* _WORK REQUIRED_: Starting at the first line of the listing below, repeat each line exactly until the line containing "The Hen has a Chick", which you include. Leave out pictures.

===============

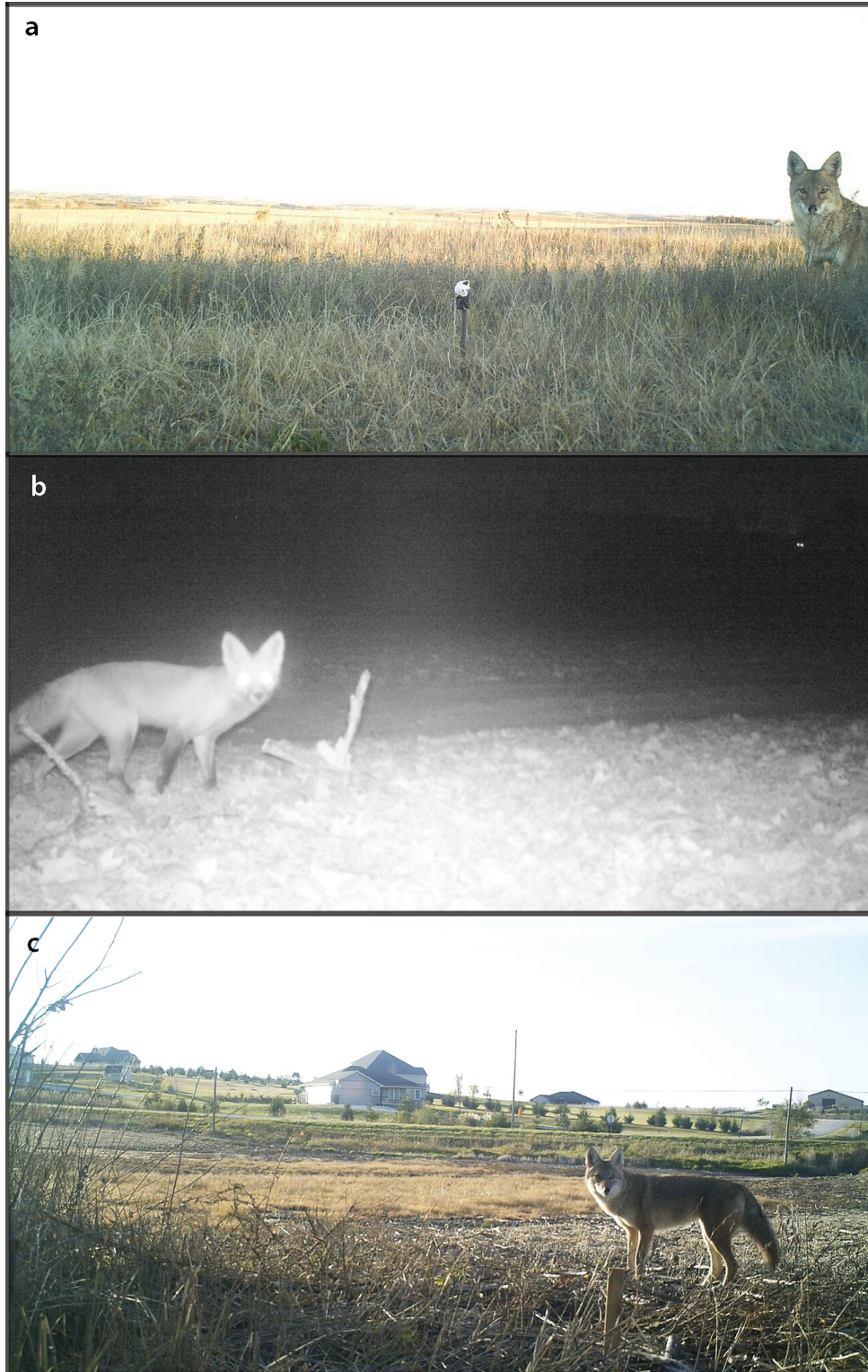
Fig. 2. Example of images captured by students on camera traps. (a) coyote ( Canis latrans ), (b) red fox ( Vulpes vulpes ), (c) coyote.
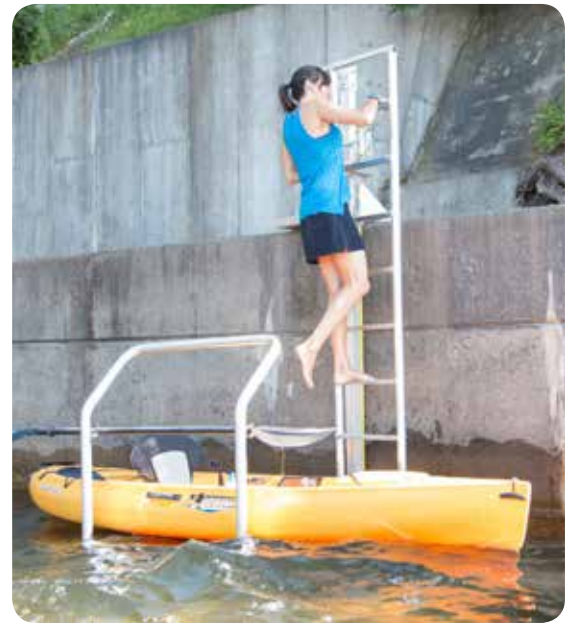
6 feet of vertical lifting range.
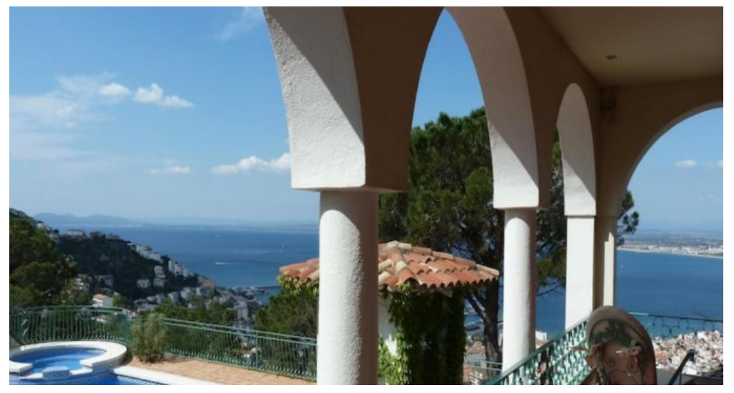
Exklusives Ferienhaus - Spanien - Costa Brava - privater Pool - Meerblick
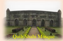
Qutb Shahi Mosque
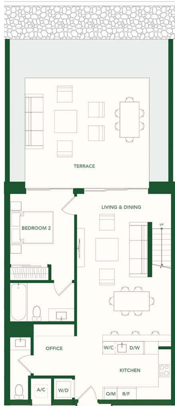
GROUND LEVEL Interior - 873 SF / 81 M 2
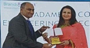
Award of Best Engineering College for Placement-2018
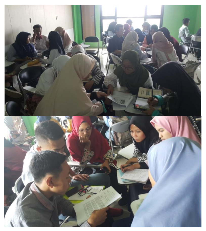
FIGURE 3. Each group discusses worksheets.

The third meeting of each group presented the results of the products they made. They explained the difficulties in making products, how the products work, to the advantages and disadvantages of the product. Then in the question and answer session, the other groups of students asked questions to enter how the product should be repaired.
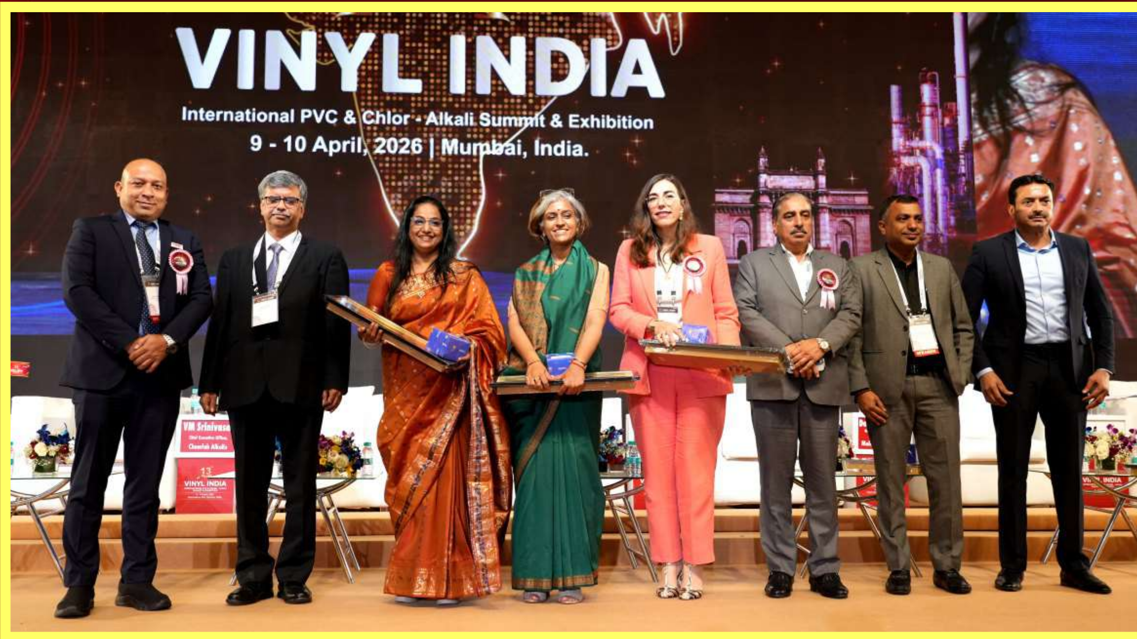
Business Session 7: "Innovations in Applications & Machinery - Solutions for the Future" GM, Reliance Industries | CEO, Rajoo Bausano Extrusions | Director, Sai Machine Tools | CMD, Dhabriya Polywood | Promoter, JamunJar | BD and Director, Molecor Tecnologia, Spain | MD, Veka
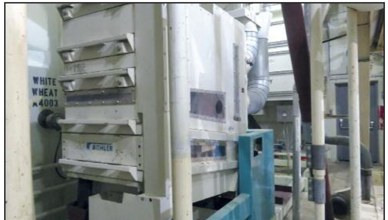
Buhler MTKB65/1200 Wheat Cleaner

Join our mailing list, email us at main@tauberaronsinc.com
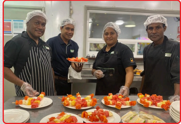
From prep to plate to proud moment. This is what team work looks like.
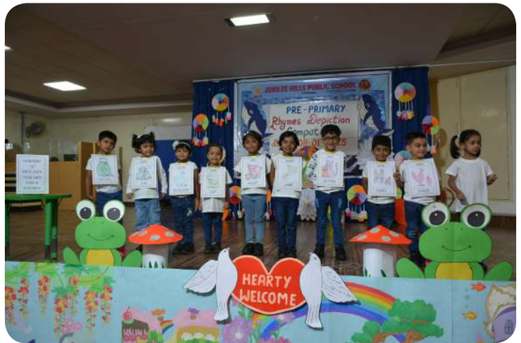
The Hen has a Chick

The students depicted rhymes on variety of topics like nature, animals, food, good manners and environment. Judges were invited to witness and evaluate the competitors. They appreciated and applauded the performance of the students. The competition proved to be tough and exciting where the students performed with great zeal and enthusiasm.
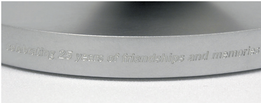
CNC machined graphics
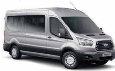
Ingot Silver Metallic body colour*
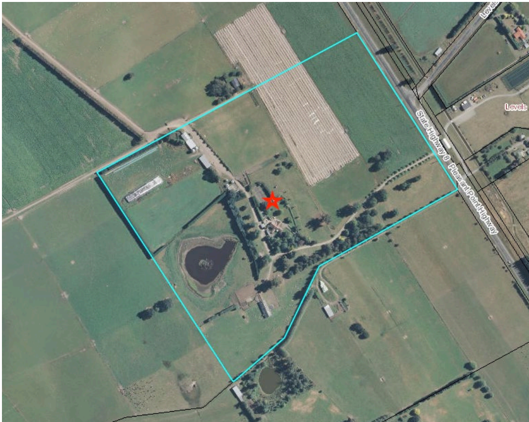
Land parcel as a whole, cottage site marked by star.
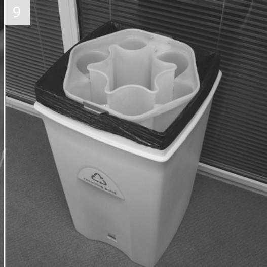
Drop cup holder down to its lowest level so that the front and rear clips hook over the bin edge
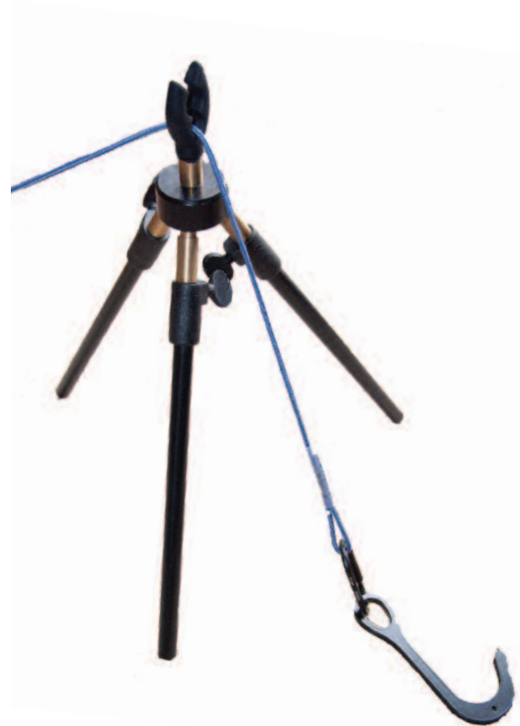
Fulcrum Assembled with 120mm Hook

EOD UK RESERVE THE RIGHT TO REPLACE COMPONENTS WITHOUT NOTICE AS PART OF OUR CONTINUOUS PROGRAMME OF RESEARCH & DEVELOPMENT
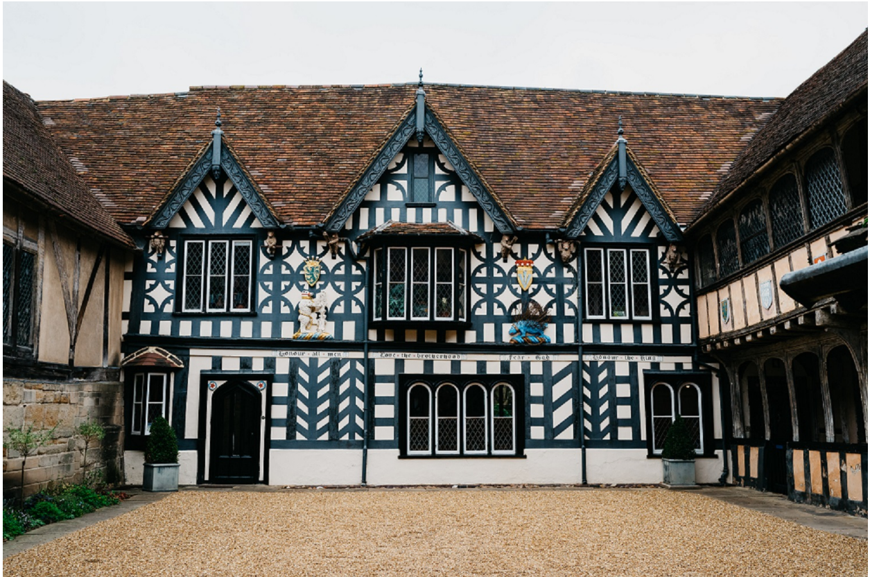
Lord Leycester courtyard.

Statesman and military commander Robert Dudley, 1st Earl of Leicester, acquired the buildings in 1571 and founded an almshouse for those "maimed or hurt in the wars in service of the Queen's majesty".
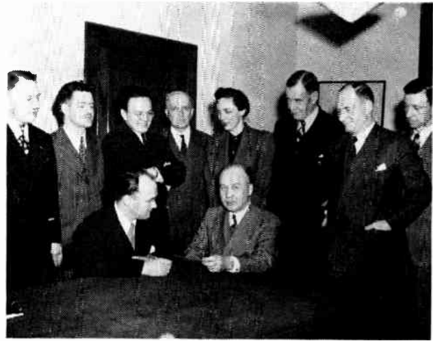
glory of the Gladstone Murray Trophy which was won by the "Greyhounds".
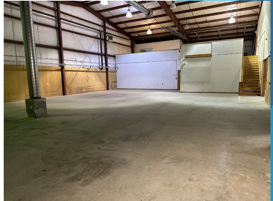
Working Bay 2
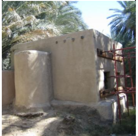
Mosque near Al Ain Oasis

The third mosque near Al Ain Oasis is, according to Dr. Ghava Al Dha-heri from ADACH, 1,200 years old and is one of the oldest mosques in the UAE. It is used only for praying in a small group rather than in the Friday prayer. There is no minaret. Here we have a niche projection on the outside reflecting where the qibla niche is on the inside, which is also seen in the traditional mosques on Delma Island. Again, it is built of mud-brick mixed with stone.

===============

* _RESULT BELOW_:
Fig. 2. Example of images captured by students on camera traps. (a) coyote ( Canis latrans ), (b) red fox ( Vulpes vulpes ), (c) coyote.
6 feet of vertical lifting range.
Exklusives Ferienhaus - Spanien - Costa Brava - privater Pool - Meerblick
Qutb Shahi Mosque
GROUND LEVEL Interior - 873 SF / 81 M 2
Award of Best Engineering College for Placement-2018
FIGURE 3. Each group discusses worksheets.

The third meeting of each group presented the results of the products they made. They explained the difficulties in making products, how the products work, to the advantages and disadvantages of the product. Then in the question and answer session, the other groups of students asked questions to enter how the product should be repaired.
Business Session 7: "Innovations in Applications & Machinery - Solutions for the Future" GM, Reliance Industries | CEO, Rajoo Bausano Extrusions | Director, Sai Machine Tools | CMD, Dhabriya Polywood | Promoter, JamunJar | BD and Director, Molecor Tecnologia, Spain | MD, Veka
Buhler MTKB65/1200 Wheat Cleaner

Join our mailing list, email us at main@tauberaronsinc.com
From prep to plate to proud moment. This is what team work looks like.
The Hen has a Chick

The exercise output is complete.